Saved data entries:
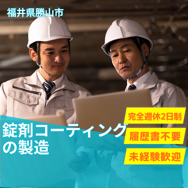 給与詳細 月収例 284,000円 日給例 14,200円 勤務地 福井県勝山市 仕事内容 錠剤などの表面にフィルムコーティングを行う部署で、薬液の仕込みやコーティング機械の操作、機械部品や容器の清掃・洗浄、部品のサイズ計測などを行います。
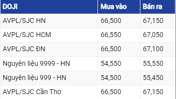 Vàng DOJI tại khu vực Hà Nội đang niêm yết ở mức 66,50 triệu đồng/lượng mua vào và 67,15 triệu đồng/lượng mua vào thấp hơn 50.000 đồng/ lượng ở chiều mua vào và tăng lên 100.000 đồng/ lượng ở bán ra so với chốt phiên ngày hôm qua.
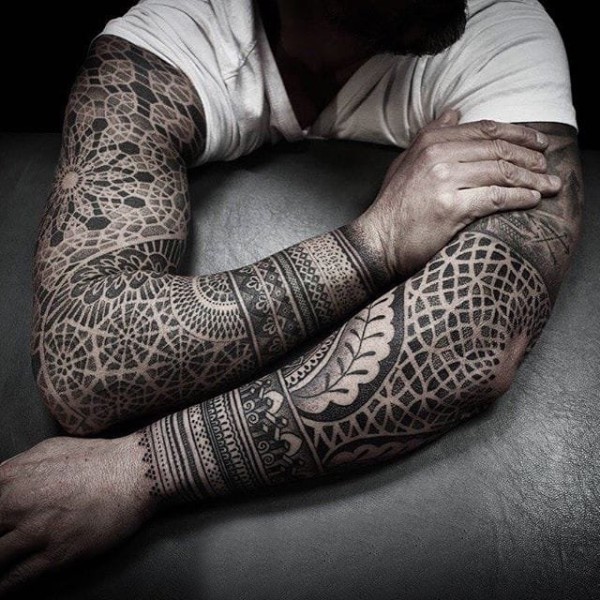 25款男性黑色手臂线条纹身点刺技巧半甲纹身图案
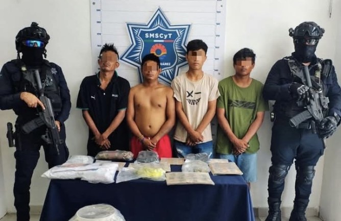 Elementos de la Secretaría Municipal de Seguridad Ciudadana y Tránsito (SMSCyT) de Benito Juárez detuvieron a cuatro personas del sexo masculino en inmediaciones de la Supermanzana 308, delegación Alfredo V. Bonfil, presuntos implicados en delitos contra la salud en su modalidad de narcomenudeo.
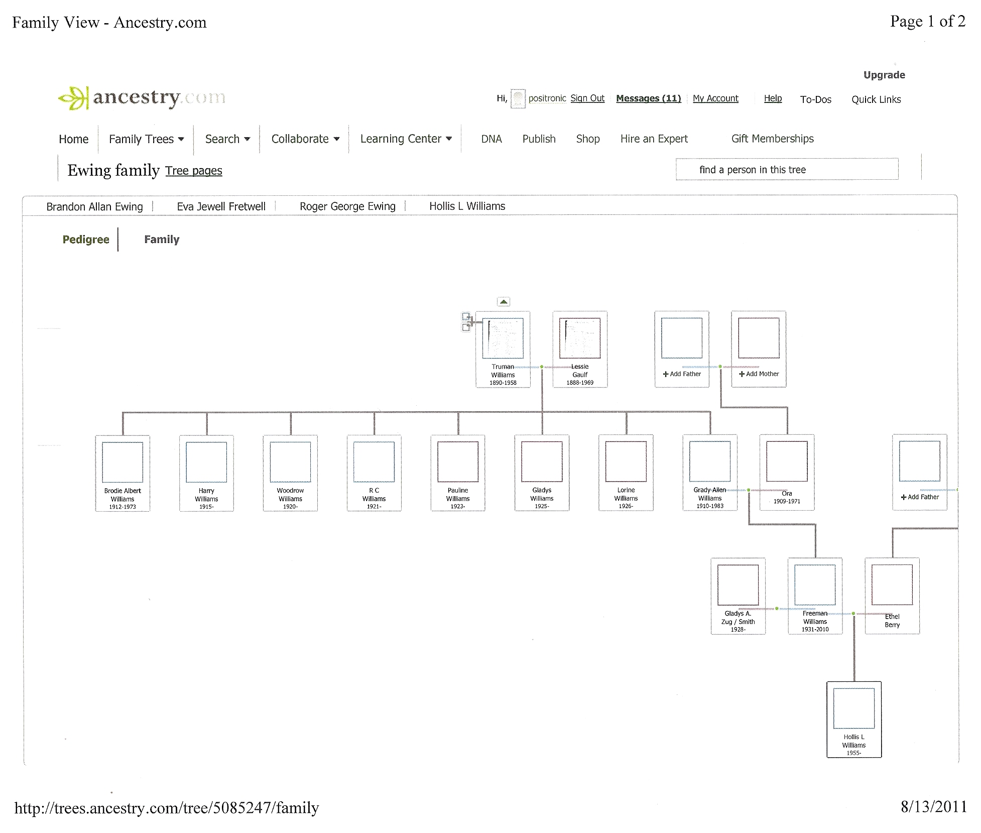 Above is Hollis’ genealogy, and I believe his parents, Freeman Williams, and Ethel Berry. Welcome to the most exciting genealogy on the internet! Well done! Is that a photo of Hollis on the wall?
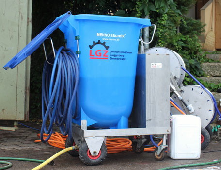 Eine Verschäumungsanlage wie sie Samuel Guggisberg hat, ist wohl einzigartig in der Schweiz. Aber das Lohnunternehmen Guggisberg stellt auch eine kleinere, handliche Skumixanlagen zum Ausmieten zur Verfügung. Auch Pius Fleischmann von Omya hat so eine Anlage, die man ebenfalls ausmieten könne, sagte Adrian Imhof, ebenfalls von Omya. [IMG 5]
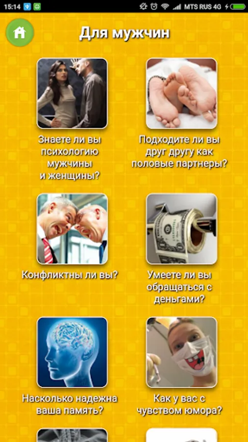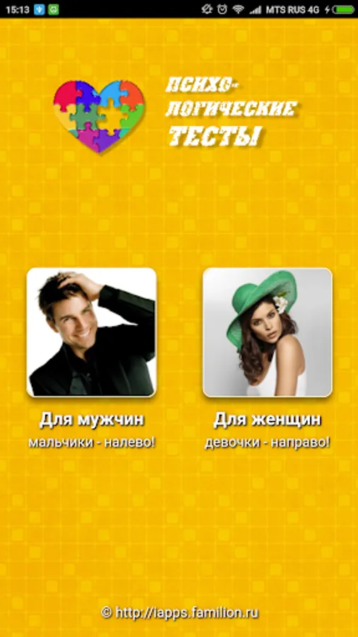 This application - a collection of popular and interesting psychological tests. There are different tests for both men (boys) and women (girls). All tests are written by professional psychologists, easy to understand and will not take much of your time, but will let you know about yourself or your partner a lot of interesting things.
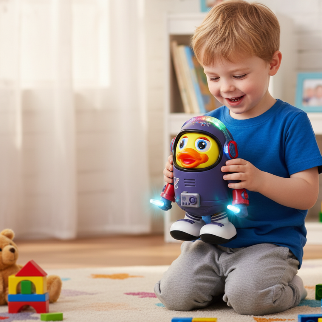 That’s where the Dancing Astronaut Duck comes in — a lively, music-filled companion that lights up any room and gets children moving with joy. With flashing lights, upbeat tunes, and adorable dance moves, this little duck turns playtime into an adventure through space and rhythm.
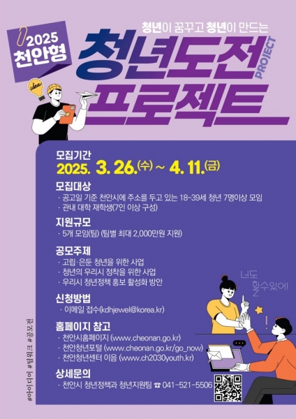 ‘2025년 천안형 청년 도전 프로젝트’는 청년이 직접 기획한 프로그램을 공모·선정해 사업비를 지원하는 사업으로 팀 당 최대 2,000만원씩 5개 팀이 지원받는다.
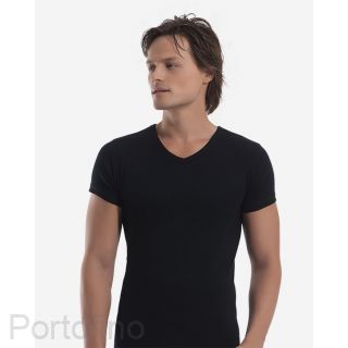 Футболка мужская черная V-образный вырез горловины A1061, Oztas
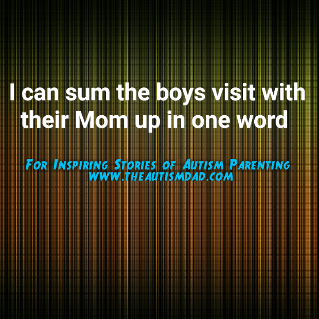 So far as I can tell, the boys visit with their Mom can be summed up in one word and that word is *good. *Everyone came home in a good mood and there hasn't been any fighting. ☺
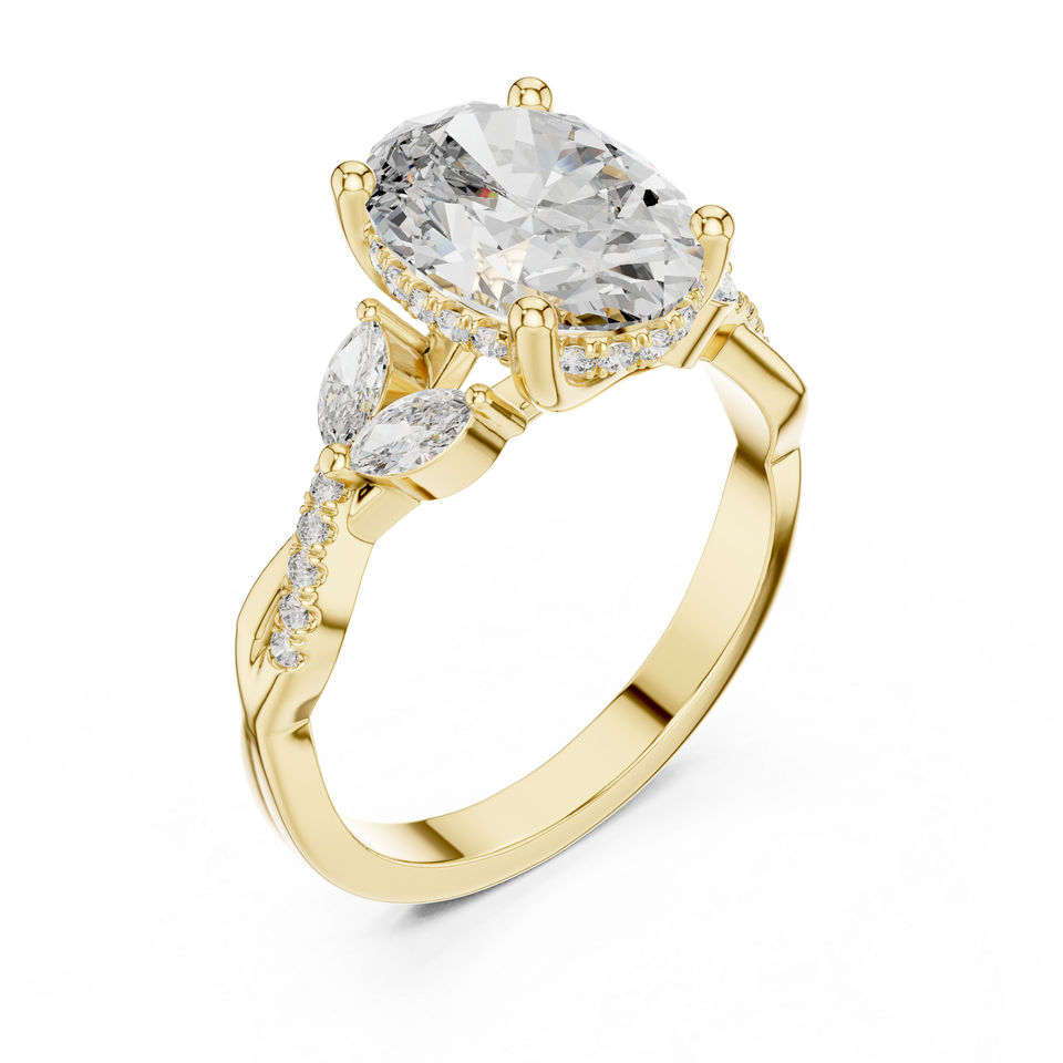 14K Yellow Gold Round, Marquise & Oval Lab-Grown Diamond Engagement Ring for Women | New Grown Diamond

Problem description
Print all records verbatim, excluding pictures.

Answer below
 給与詳細 月収例 284,000円 日給例 14,200円 勤務地 福井県勝山市 仕事内容 錠剤などの表面にフィルムコーティングを行う部署で、薬液の仕込みやコーティング機械の操作、機械部品や容器の清掃・洗浄、部品のサイズ計測などを行います。
 Vàng DOJI tại khu vực Hà Nội đang niêm yết ở mức 66,50 triệu đồng/lượng mua vào và 67,15 triệu đồng/lượng mua vào thấp hơn 50.000 đồng/ lượng ở chiều mua vào và tăng lên 100.000 đồng/ lượng ở bán ra so với chốt phiên ngày hôm qua.
 25款男性黑色手臂线条纹身点刺技巧半甲纹身图案
 Elementos de la Secretaría Municipal de Seguridad Ciudadana y Tránsito (SMSCyT) de Benito Juárez detuvieron a cuatro personas del sexo masculino en inmediaciones de la Supermanzana 308, delegación Alfredo V. Bonfil, presuntos implicados en delitos contra la salud en su modalidad de narcomenudeo.
 Above is Hollis’ genealogy, and I believe his parents, Freeman Williams, and Ethel Berry. Welcome to the most exciting genealogy on the internet! Well done! Is that a photo of Hollis on the wall?
 Eine Verschäumungsanlage wie sie Samuel Guggisberg hat, ist wohl einzigartig in der Schweiz. Aber das Lohnunternehmen Guggisberg stellt auch eine kleinere, handliche Skumixanlagen zum Ausmieten zur Verfügung. Auch Pius Fleischmann von Omya hat so eine Anlage, die man ebenfalls ausmieten könne, sagte Adrian Imhof, ebenfalls von Omya. [IMG 5]
 This application - a collection of popular and interesting psychological tests. There are different tests for both men (boys) and women (girls). All tests are written by professional psychologists, easy to understand and will not take much of your time, but will let you know about yourself or your partner a lot of interesting things.
 That’s where the Dancing Astronaut Duck comes in — a lively, music-filled companion that lights up any room and gets children moving with joy. With flashing lights, upbeat tunes, and adorable dance moves, this little duck turns playtime into an adventure through space and rhythm.
 ‘2025년 천안형 청년 도전 프로젝트’는 청년이 직접 기획한 프로그램을 공모·선정해 사업비를 지원하는 사업으로 팀 당 최대 2,000만원씩 5개 팀이 지원받는다.
 Футболка мужская черная V-образный вырез горловины A1061, Oztas
 So far as I can tell, the boys visit with their Mom can be summed up in one word and that word is *good. *Everyone came home in a good mood and there hasn't been any fighting. ☺
 14K Yellow Gold Round, Marquise & Oval Lab-Grown Diamond Engagement Ring for Women | New Grown Diamond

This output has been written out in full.